Mann's productivity writing was credited as an influence by figures outside the technology world. In a 2008 Slate article on presidential productivity, political journalist John Dickerson wrote that he had adopted Mann's approach to managing email and quoted his advice; Dickerson later referenced Mann in his 2020 book on the U.S. presidency, The Hardest Job in the World. Actor and comedian Rob Corddry discussed Mann's work and his own use of Mac productivity tools during a 2012 Macworld panel appearance alongside Mann.

=== Videos ===
In early 2009, Mann produced a short video series, Most Days. On February 26, 2007, Mann launched The Merlin Show, a video podcast primarily dedicated to long-form interviews. Mann has also published a long-running series of video shorts named That Phone Guy.

=== Other work ===
Mann has been described as the "inventor" of the Hipster PDA, a paper-based, DIY personal organizer that uses design cues found in David Allen's Getting Things Done. Mann is also known for his work with Quicksilver, a program used for quickly executing actions from the keyboard in macOS.

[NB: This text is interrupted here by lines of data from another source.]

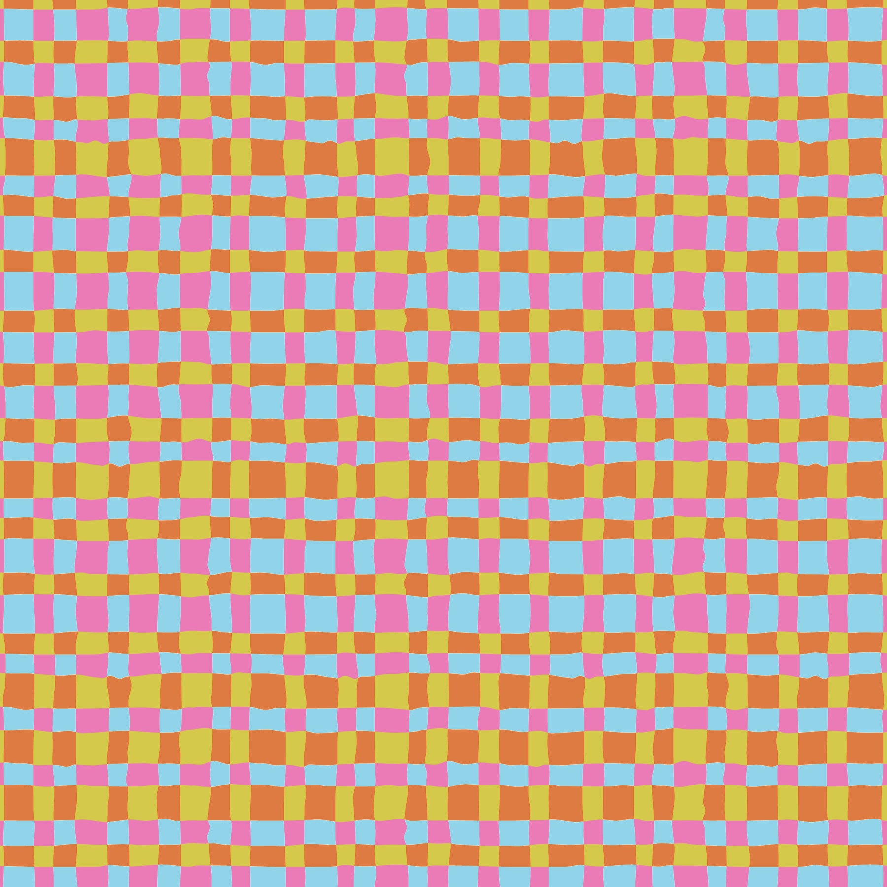 Cheerful wall mural featuring hand-drawn gingham style checkered pattern.
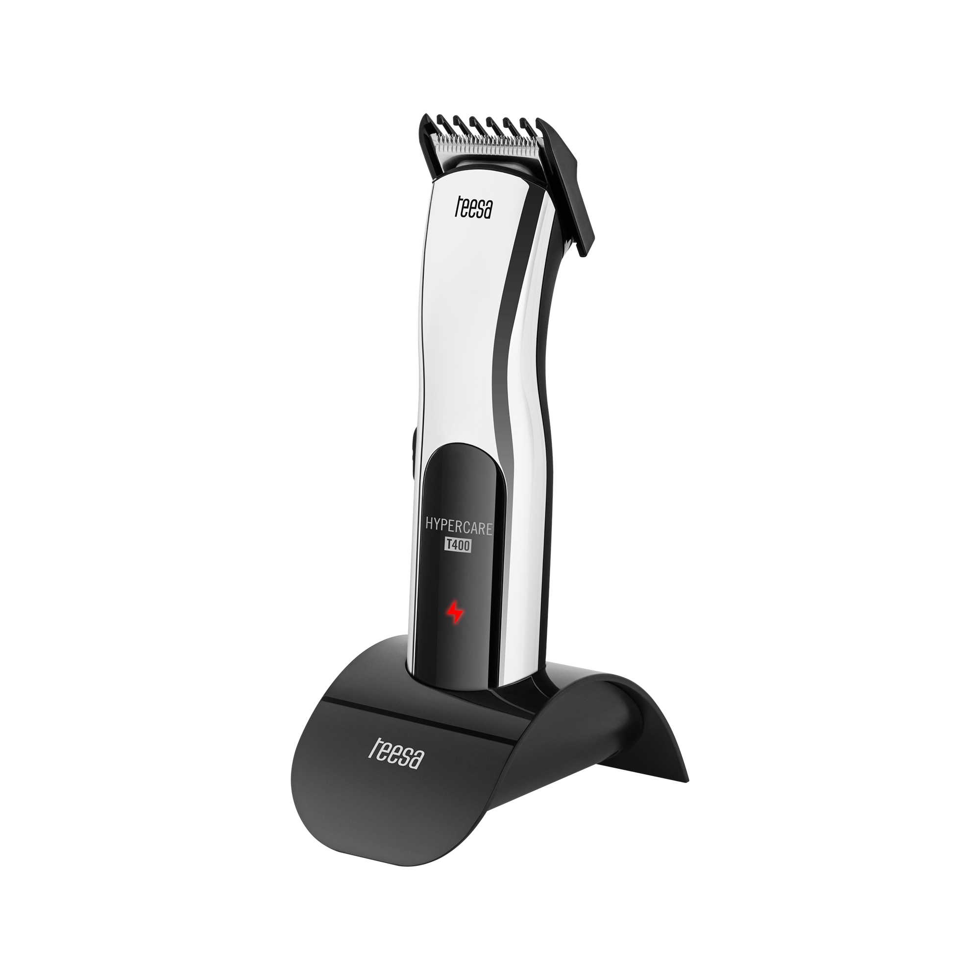 <h2>Wielozadaniowy zestaw</h2><p>Teesa HYPERCARE T400 jest urządzeniem o zaskakująco szerokim zastosowaniu. W zestawie znalazły się cztery różne głowice, które pozwolą przystrzyc włosy, wystylizować brodę czy usunąć owłosienie z nosa.</p>
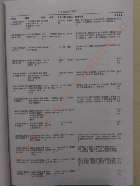 廣東貨運公司黃頁包括:企業(yè)名稱、負責人聯(lián)系方式、企業(yè)電話、傳真、Email、經(jīng)營范圍、地址、郵編等信息。
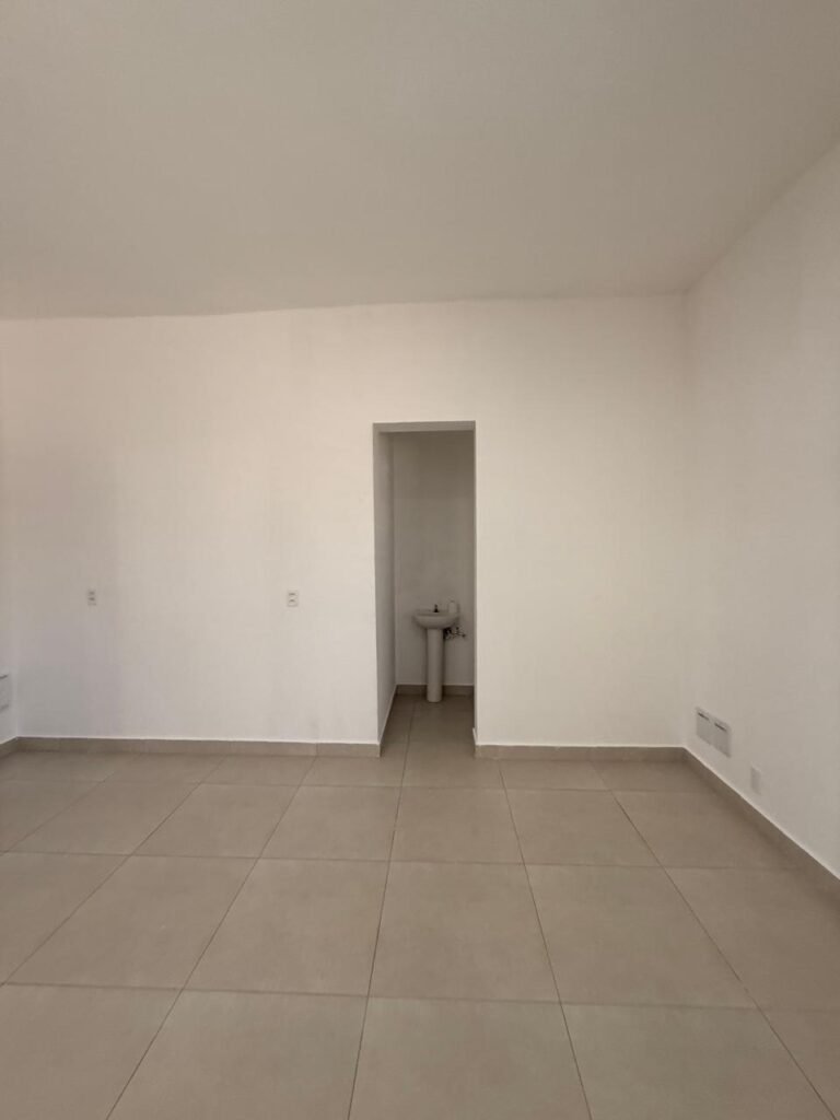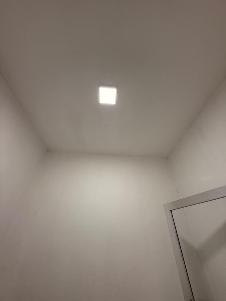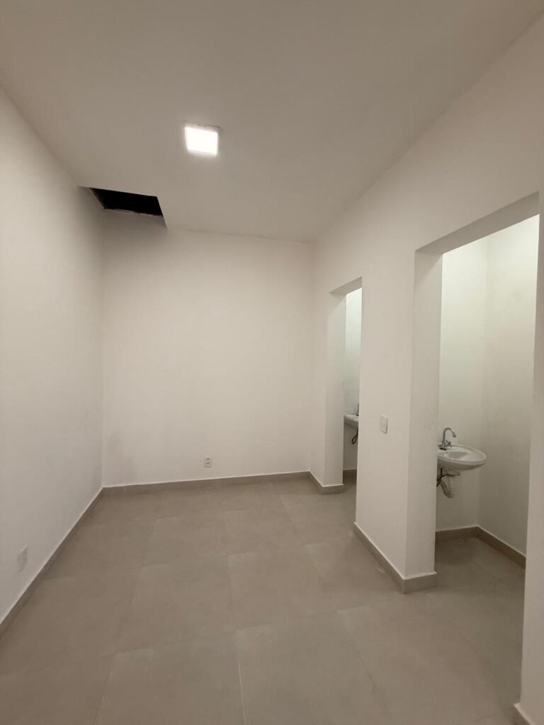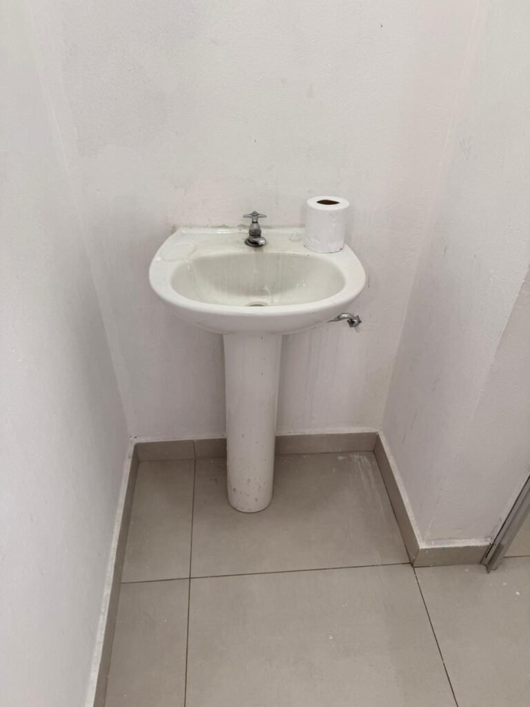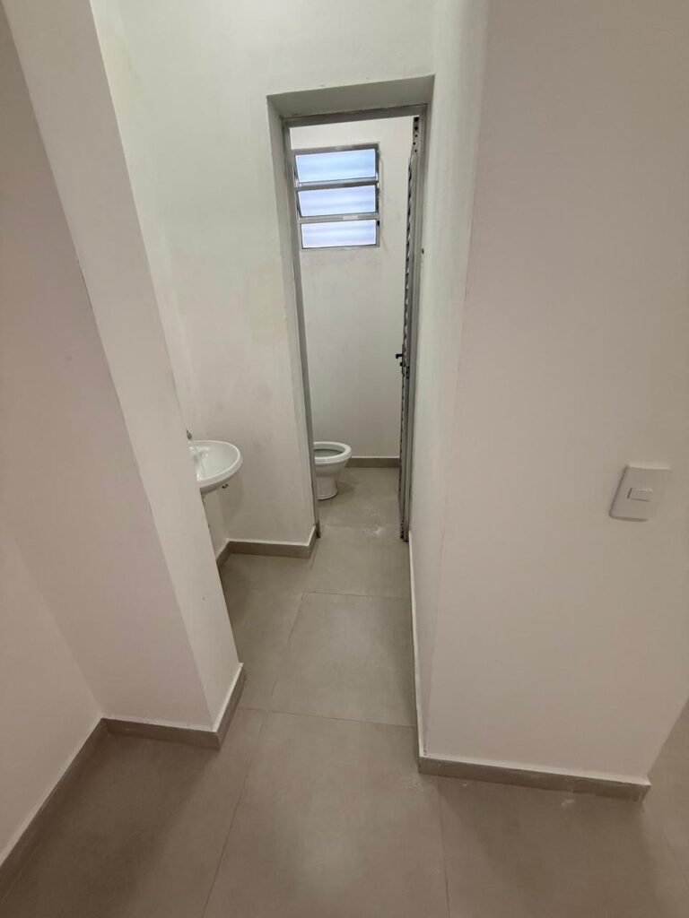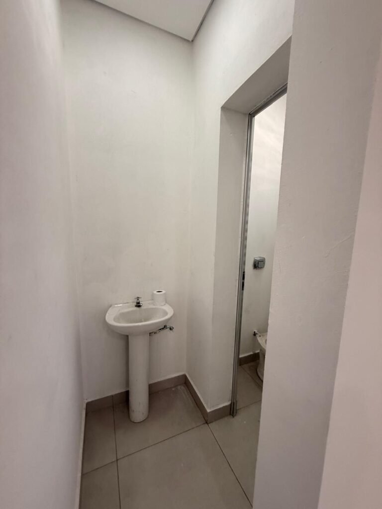 WC ESCRITÓRIO 01-: 01 porta de alumínio nova, com dificuldade para fechar, maçanetas e fechadura na cor preto marca MM em ordem, piso e rodapé e vestido de pisos de porcelanato novos e em ordem, 01 ralo de plástico cor branco marca Amanco, 01 espelho de energia com 0 1 interruptor, 01 vaso sanitário de cerâmica cor branco marca Laufen, 01 válvula de descarga de plástico marca Docol em ordem, descarga em ordem, parede e teto de drywall com tinta acrílica na cor branco fosco nova e em ordem, 01 vitrô basculante com esquadrias de alumínio e fechadura em ordem, com 03 folhas de vidro fosco com manchas de tinta e restante em ordem, 01 luminária plafon de sobrepor com LED em ordem.

Mann was a member of the Tallahassee, Florida-based indie rock band Bacon Ray from 1994 to 1999. He started a cover song project of Will Oldham's song "I Am a Cinematographer".

==Personal life==
Mann started treatment for attention deficit disorder in 2008, something which he says helped his focus. He occasionally talks about his experiences with ADHD on his Back to Work podcast on the 5by5 network.

Mann resides in San Francisco, California, with his wife and child.